The Internet of Things will aid criminals and burglars - chumchum
http://betanews.com/2015/04/09/the-internet-of-things-will-aid-criminals-and-burglars/

======
MichaelCrawford
This brings a smile to my weary eyes, as it is my most-fervent hope that the
Internet of Things will die in a fire.

The article didn't discuss what I expected, that being traffic analysis. Among
cryptological problems, traffic analysis is one of the more difficult exploits
to prevent, as well as the easier to exploit.

In the military, you don't need to crack any codes at all. Just look at where
all the motorcycle messengers are going to or coming from. Must be the command
tent, eh wot?

Let's drop a bomb on it, just to see what happens.

In the specific case of the Internet of Things, consider that your Things will
be chattering over the Internet far more frequently when you are at home then
when you are away. That will be the case for your neighbors.

So one could stand back at a safe distance, then point a few cantennas in the
general direction of each house in an upscale neighborhood. You don't need to
decrypt any signals, you just need to see how frequently messages are sent.

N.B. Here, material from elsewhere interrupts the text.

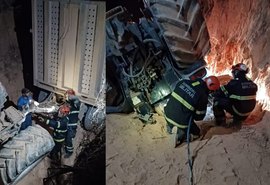 Homem fica preso às ferragens após caminhão carregado de cimento tombar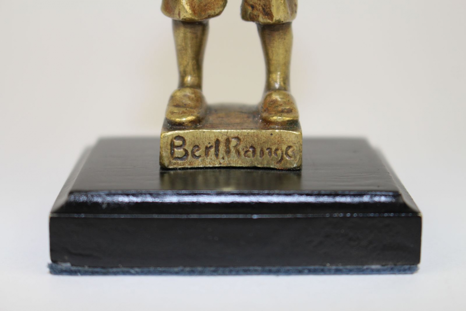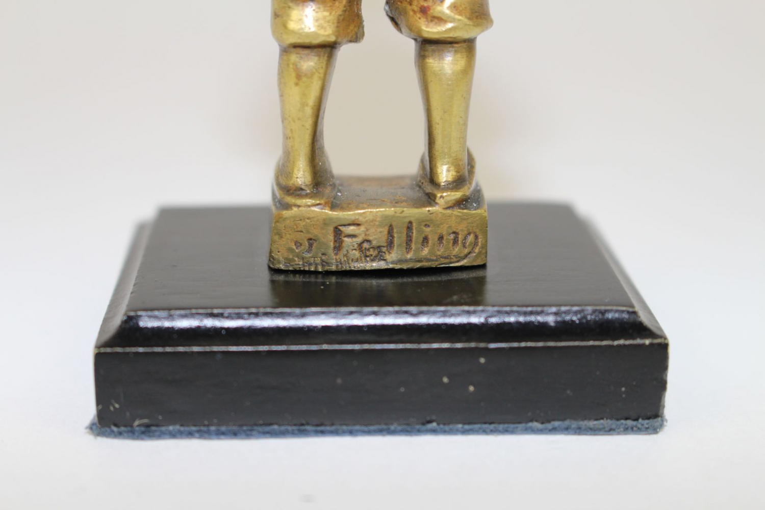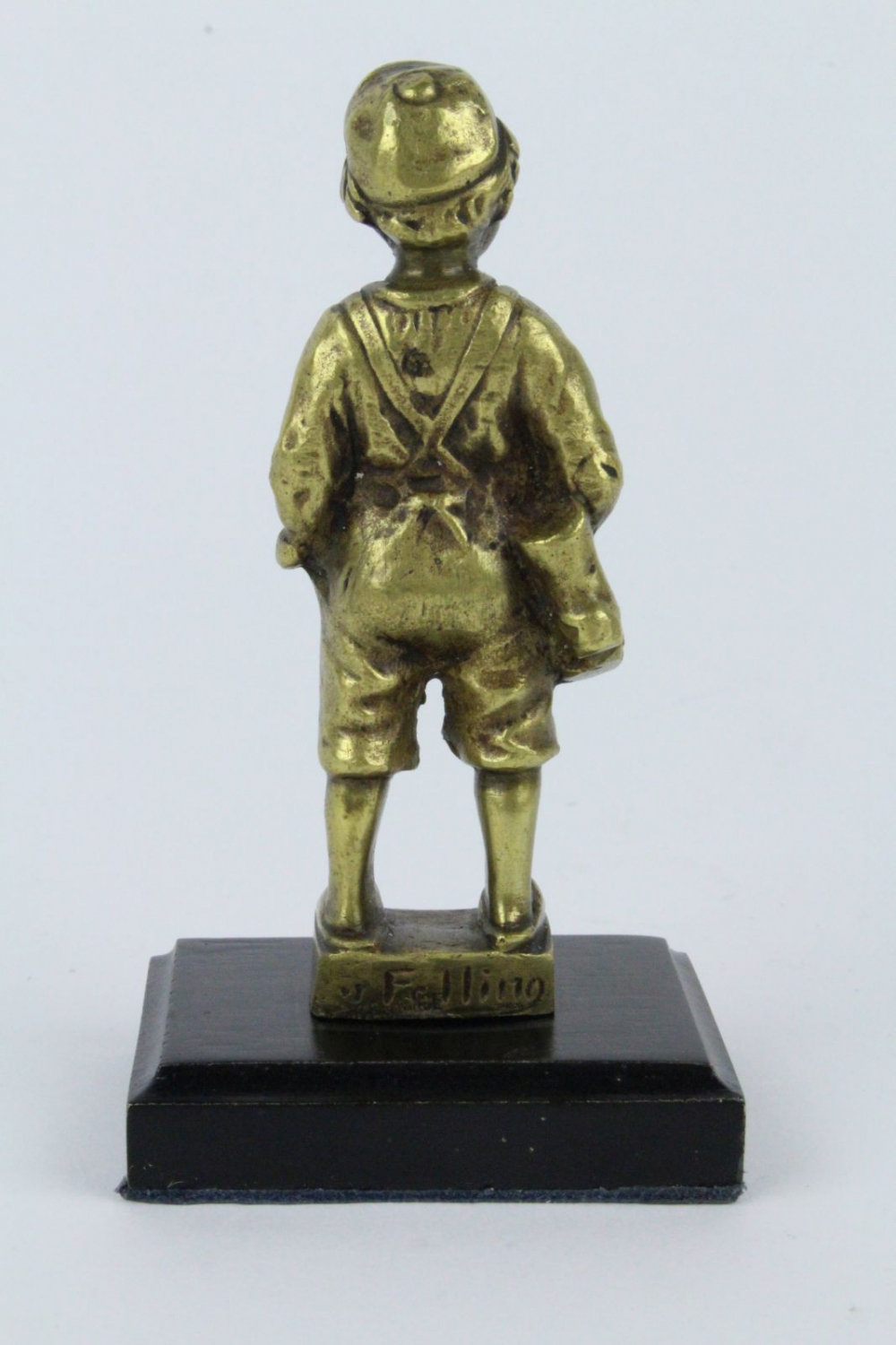 Bronzová soška chlapce s cigaretou, na dřevěném soklíku, značeno na přední straně Berl.Range, na zadní straně signováno Felling, (Julius Schmidt-Felling 1895 – 1930) – německo-holandský sochař, 1. čtvrtina 20. století; rozměry: 9,6 x 5,2 x 4 cm

When all the messages in a general area die down for a little while, you
burgle the home in the center of that general area.

For extra credit, you also snoop on the cops, so that you can be sure there
are no patrol cars that could possibly respond in time, were you to trip an
alarm.

I learned about traffic analysis in 1989. That same Interop Conference UNIX
and Internet Security Tutorial also explained that, in secure facilities,
ethernet cables run through modestly pressured metal pipes.

There is no real way to tap into the ethernet without drilling into the pipes.
When the air pressure drops, men with guns turn up to look into who's holding
the drill.

Now we have Bradley Manning downloading 800MB of top secret diplomatic cables,
because he was searched on the way in to work each day - but not on the way
out.

While I support Manning's particular effort, suppose that was someone who was
not such a nice guy, making off with the recipe for nerve gas, or the detailed
design of a guided missile.